• **Activity**
Exactly as they appear below, repeat the lines from the one with "Structure résistante à" through the one with "- Kevin Gunther". Drop every picture.

• **Recorded data**
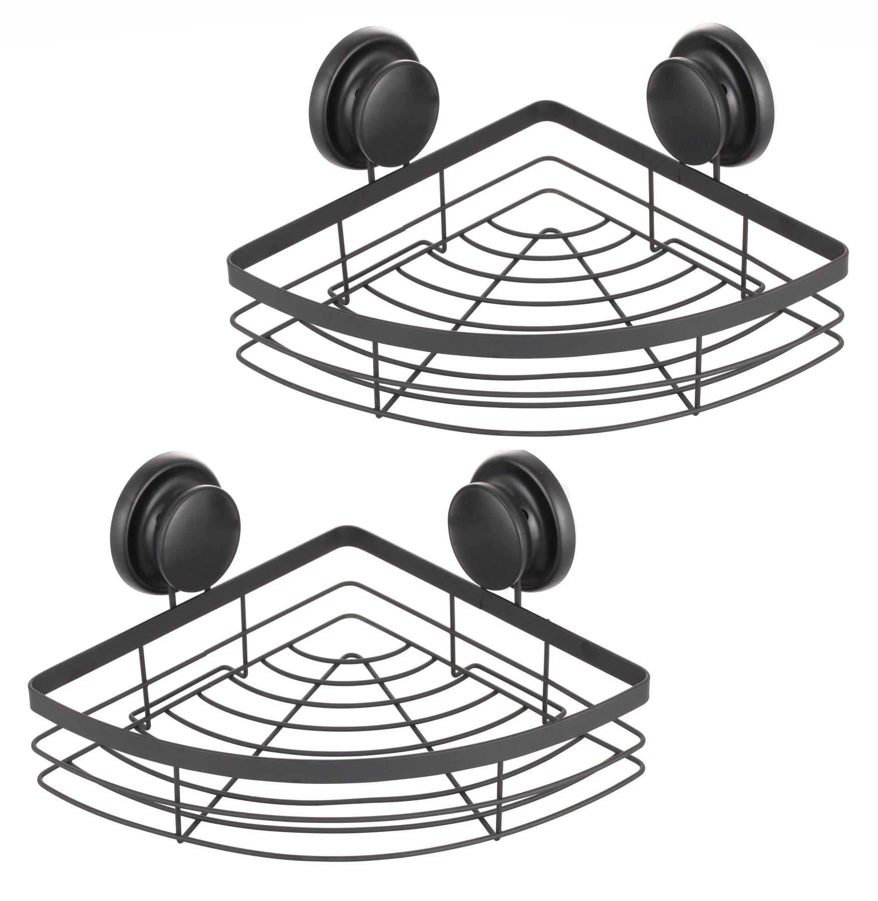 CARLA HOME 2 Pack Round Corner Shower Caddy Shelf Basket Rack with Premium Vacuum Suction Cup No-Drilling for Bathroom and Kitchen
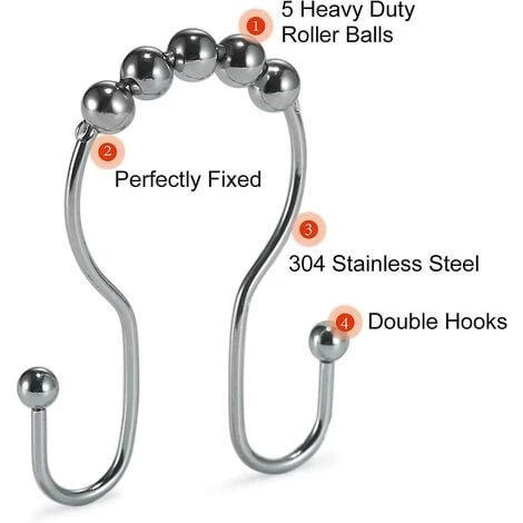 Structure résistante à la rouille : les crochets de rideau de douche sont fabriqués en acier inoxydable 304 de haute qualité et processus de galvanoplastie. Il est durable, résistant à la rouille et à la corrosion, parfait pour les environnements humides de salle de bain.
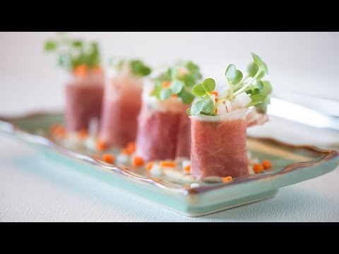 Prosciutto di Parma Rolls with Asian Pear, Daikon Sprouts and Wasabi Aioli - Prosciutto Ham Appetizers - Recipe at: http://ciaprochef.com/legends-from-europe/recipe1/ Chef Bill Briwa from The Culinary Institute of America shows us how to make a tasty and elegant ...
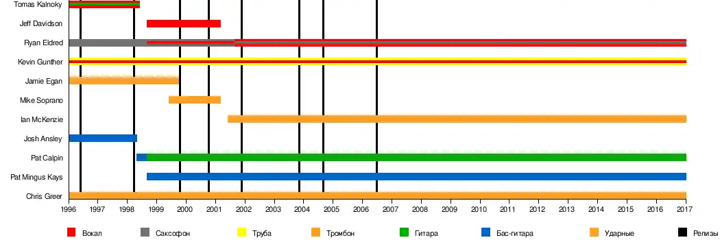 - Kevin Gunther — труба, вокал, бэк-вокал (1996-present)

==

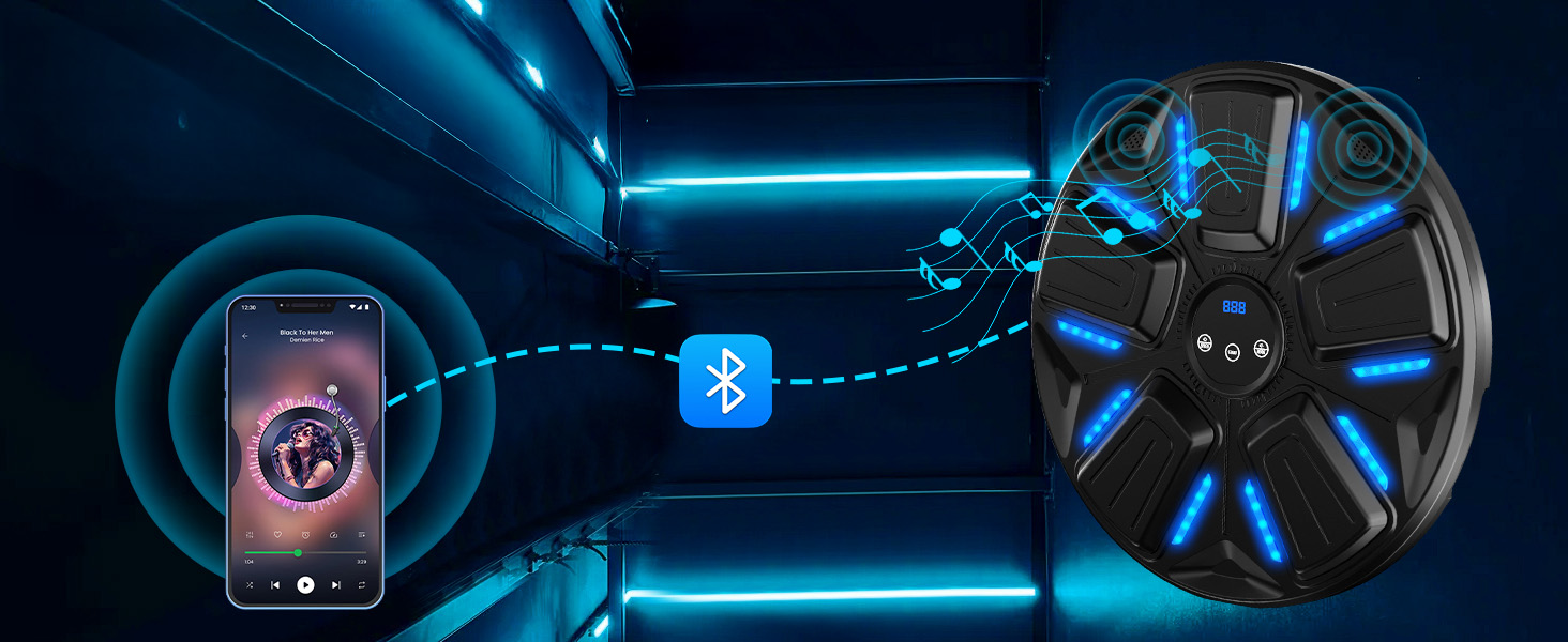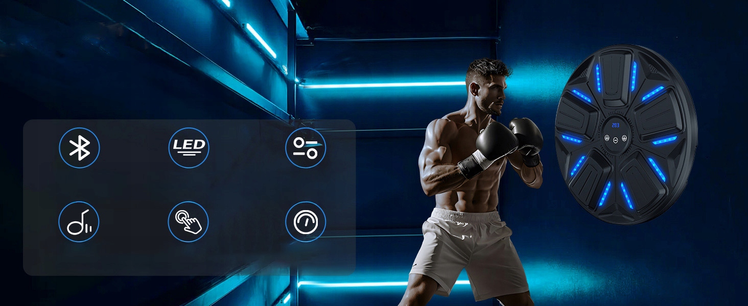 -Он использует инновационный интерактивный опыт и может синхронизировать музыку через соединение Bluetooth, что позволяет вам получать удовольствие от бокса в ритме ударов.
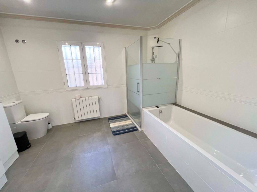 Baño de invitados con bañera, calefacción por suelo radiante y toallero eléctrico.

--

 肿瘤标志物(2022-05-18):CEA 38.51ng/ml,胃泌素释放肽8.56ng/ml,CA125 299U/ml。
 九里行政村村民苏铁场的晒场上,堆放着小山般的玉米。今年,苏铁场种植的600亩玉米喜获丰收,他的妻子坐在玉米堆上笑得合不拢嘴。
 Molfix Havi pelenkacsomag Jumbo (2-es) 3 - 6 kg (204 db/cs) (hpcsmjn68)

• **Written answer**
 Structure résistante à la rouille : les crochets de rideau de douche sont fabriqués en acier inoxydable 304 de haute qualité et processus de galvanoplastie. Il est durable, résistant à la rouille et à la corrosion, parfait pour les environnements humides de salle de bain.
 Prosciutto di Parma Rolls with Asian Pear, Daikon Sprouts and Wasabi Aioli - Prosciutto Ham Appetizers - Recipe at: http://ciaprochef.com/legends-from-europe/recipe1/ Chef Bill Briwa from The Culinary Institute of America shows us how to make a tasty and elegant ...
 - Kevin Gunther — труба, вокал, бэк-вокал (1996-present)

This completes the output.